(Beginning of DATA PROVIDED)

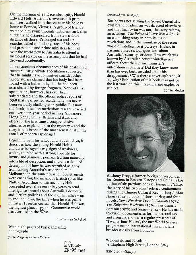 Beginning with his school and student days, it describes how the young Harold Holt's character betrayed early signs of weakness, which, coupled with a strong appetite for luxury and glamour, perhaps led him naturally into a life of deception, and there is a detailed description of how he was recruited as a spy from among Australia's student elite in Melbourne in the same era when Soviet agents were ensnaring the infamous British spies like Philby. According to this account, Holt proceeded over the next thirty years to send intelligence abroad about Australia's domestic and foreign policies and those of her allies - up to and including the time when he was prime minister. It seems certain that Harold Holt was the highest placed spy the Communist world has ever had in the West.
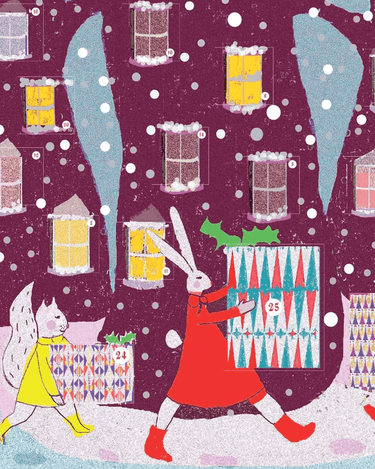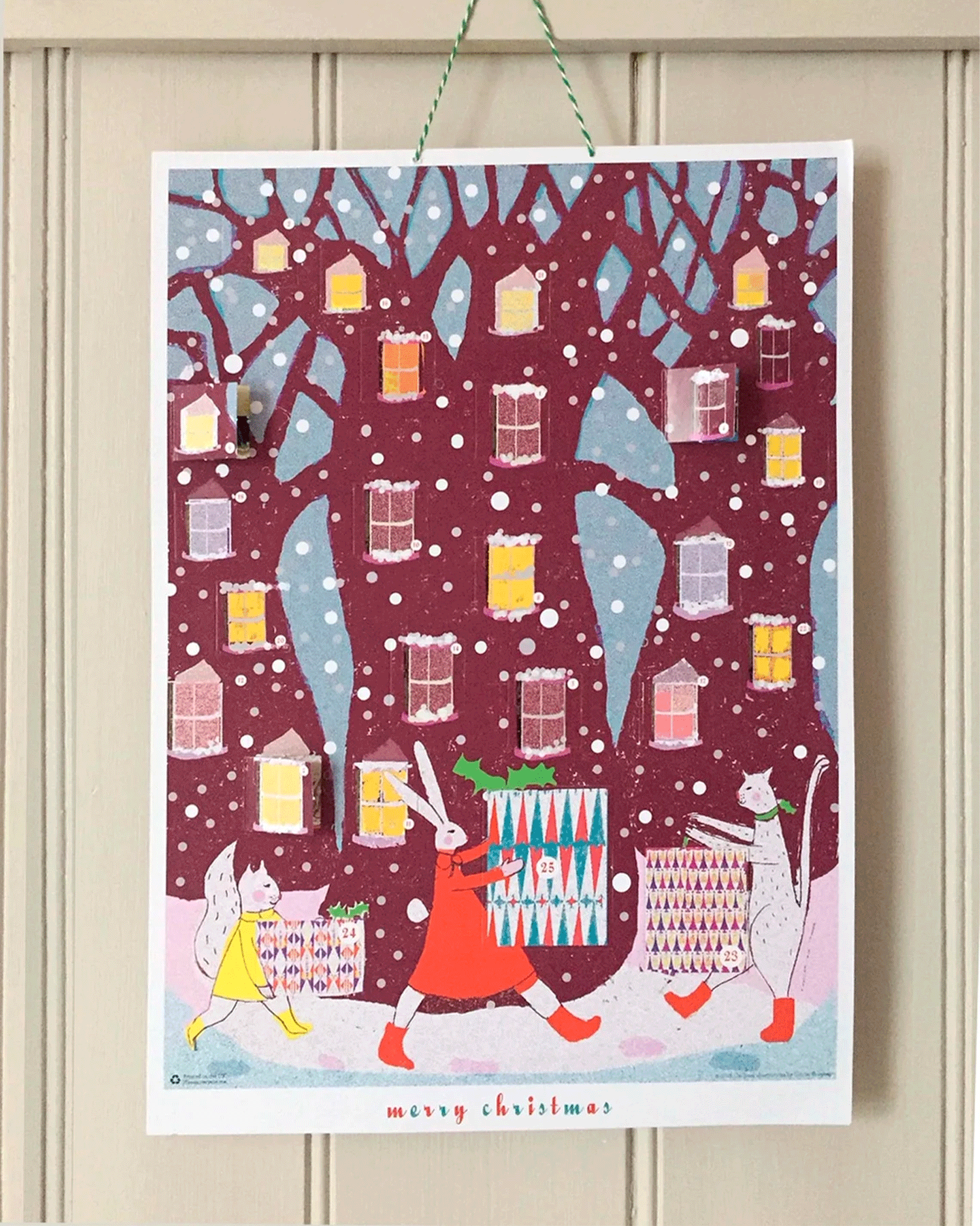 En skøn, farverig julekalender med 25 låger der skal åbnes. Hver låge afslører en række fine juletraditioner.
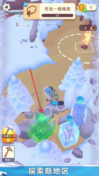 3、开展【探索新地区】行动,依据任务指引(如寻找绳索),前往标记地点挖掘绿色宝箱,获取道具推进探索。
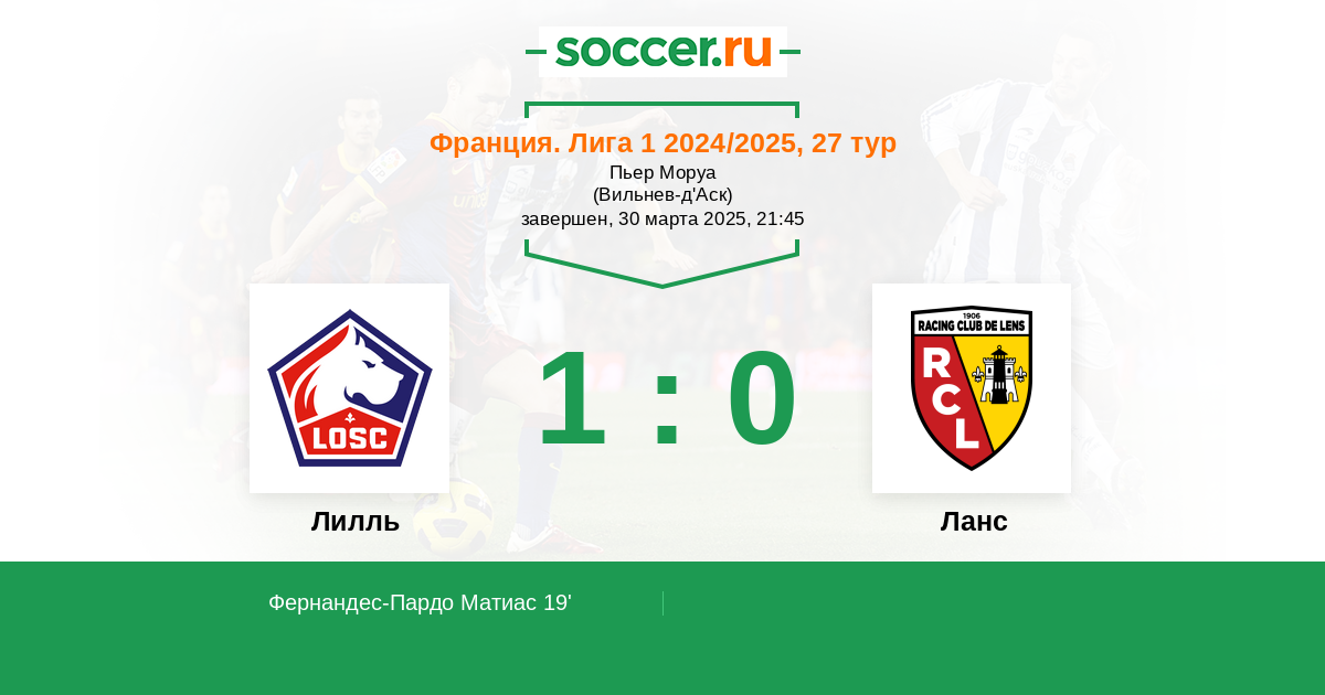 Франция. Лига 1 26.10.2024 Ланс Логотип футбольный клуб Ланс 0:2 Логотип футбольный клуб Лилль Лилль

(End of DATA PROVIDED)

WORK TO BE COMPLETED -
Extract, word for word, each line from the one that contains "3、开展【探索新地区】行动,依据任务指引" through the final line of the data above. Leave the pictures out.

ANSWER SECTION -
 3、开展【探索新地区】行动,依据任务指引(如寻找绳索),前往标记地点挖掘绿色宝箱,获取道具推进探索。
 Франция. Лига 1 26.10.2024 Ланс Логотип футбольный клуб Ланс 0:2 Логотип футбольный клуб Лилль Лилль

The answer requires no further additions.